SEC Filings Parsing#

One of the aspects that make parsing an SEC filing challenging is that each company have a slightly different format for the filing. Therefore we have implemented a custom process to attempt to clean up the HTML content as much as is necessary to get a common format for each filing. Then we extract the headings from the Table of Contents that is always present at the start of the filing.

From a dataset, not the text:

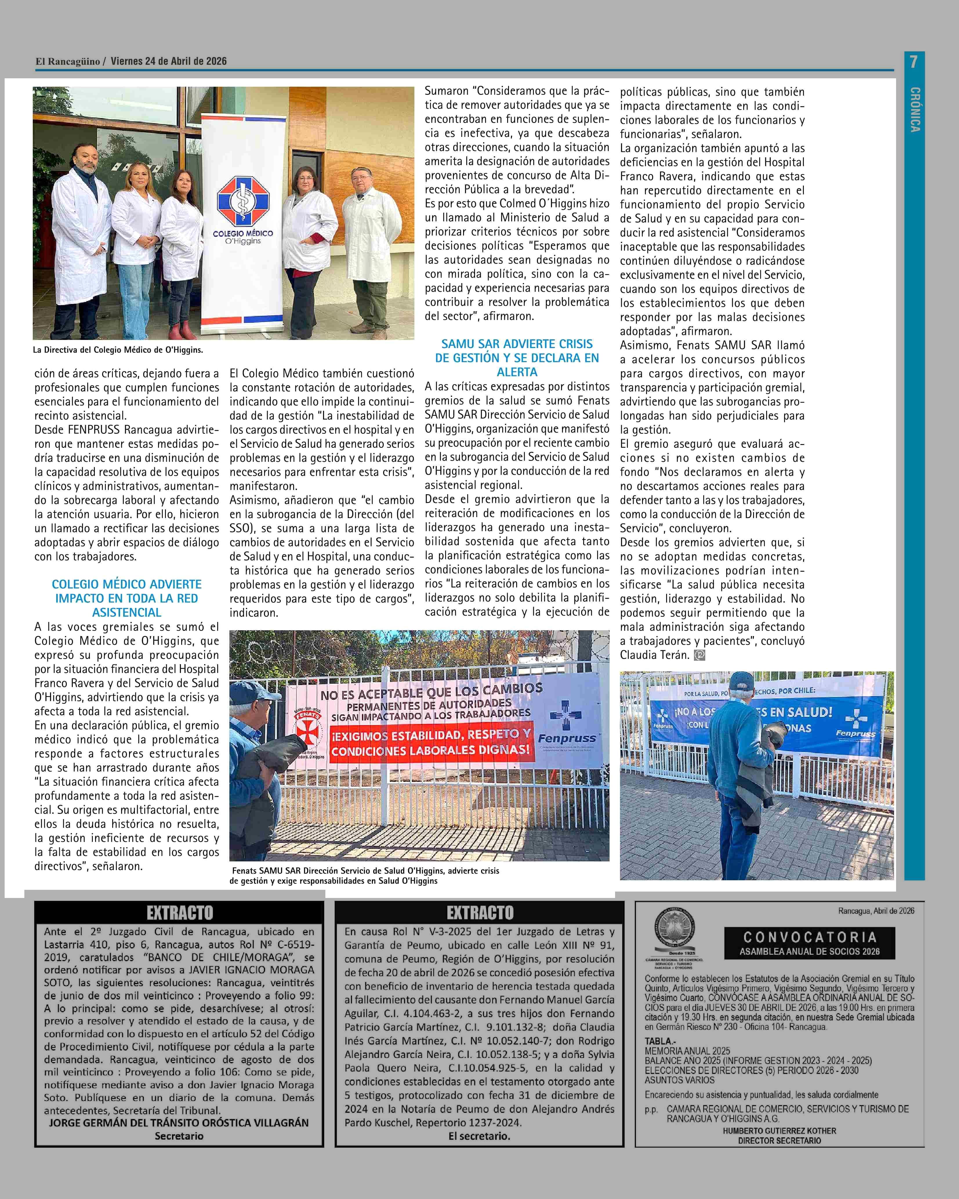 Fecha: 24-04-2026 Sector: Noticia general Región: Región del Libertador General Bernardo O'Higgins
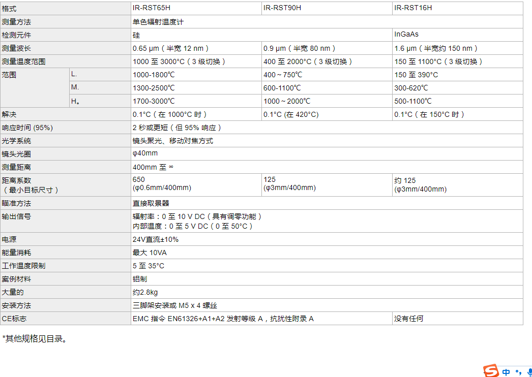 IR-RST 是一種單色輻射溫度計,用作使用比較黑體爐對輻射溫度計進(jìn)行比較校準(zhǔn)的標(biāo)準(zhǔn)。格式 IR-RST65H IR-RST90H IR-RST16H測量方法 單色輻射溫度計檢測元件 硅 InGaAs測量波長 0.65 μm(半寬 12 nm) 0.9 μm(半寬 80 nm) 1.6 μm(半寬約150 nm)測量溫度范圍 1000 至 3000°C(3 級切換) 400 至 2000°C(3 級切換) 150 至 1100°C(3 級切換)范圍 L. 1000-1800℃ 400~750℃ 150 至 390°CM. 1300-2500℃ 600-1100℃ 300-620℃

Then the headings can be used to extract the relevant sections from the filing.

The process is implemented in the SECFilingParser class and relies heavily on the BeautifulSoup package to parse the HTML content.

The following simplified diagram shows the overall steps for the parsing:

---
config:
  layout: elk
  theme: base
  look: classic
---
flowchart LR
    F["fa:fa-file SEC Filing"] --> C["fa:fa-broom Clean"]
    C --> E
    E["fa:fa-list Extract TOC"] --> RF["fa:fa-triangle-exclamation Extract Risk Factors"]
    E --> MDA["fa:fa-comment-dots Extract MD&A"]

    classDef lightBlue fill:#ADD8E6,stroke:black
    class F lightBlue

    classDef strokeBlack stroke:black
    class E,C strokeBlack

    classDef green fill:#4CAF50,stroke:black
    class MDA,RF green